The first big bank reporting results, J.P. Morgan has seen earnings surge in recent quarters, largely because improving asset quality has led it to set aside less to cover loan losses. It has said loans are growing, and in the fourth quarter the bank saw revenue climb from year-earlier levels at operations tied to both Wall Street and Main Street.

In the latest period, the investment-banking arm’s profit slid 4.1% as net revenue dipped 1%. The retail financial-services business’ loss widened as revenue dropped 19%.

The company’s bottom line again benefited from it setting aside sharply less to cover potential loan losses. Many banks have seen lower reserves boost earnings amid signs of credit improvement. Credit-loss provisions were $1.17 billion, down from $7.01 billion a year earlier and $3.04 billion in the prior quarter.

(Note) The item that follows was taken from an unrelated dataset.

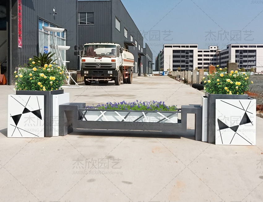現(xiàn)代花箱強(qiáng)調(diào)簡(jiǎn)潔、簡(jiǎn)約,體現(xiàn)在顏色的黑白灰、造型的干凈利落和材質(zhì)的質(zhì)感。這款現(xiàn)代城市花箱適應(yīng)了現(xiàn)代城市的審美風(fēng)格,而

J.P. Morgan reported a profit of $5.56 billion, or $1.28 a share, up from $3.33 billion, or 74 cents a share, a year earlier. The latest period included a net three cents in gains as a benefit from reduced credit-card loan loss reserves more than offset the impact of mortgage servicing rights asset adjustment and estimated expense of foreclosure-related matters.

Revenue on a managed basis, which excludes the impact of credit-card securitizations and is on a tax-equivalent basis, slid 8.5% to $25.79 billion.

Analysts polled by Thomson Reuters had most recently predicted earnings of $1.16 on $25.27 billion in revenue.

“The firm’s results reflected a strong quarter across the investment bank and solid performance from card services, commercial banking, treasury & securities services, and asset management,” Chief Executive James Dimon said.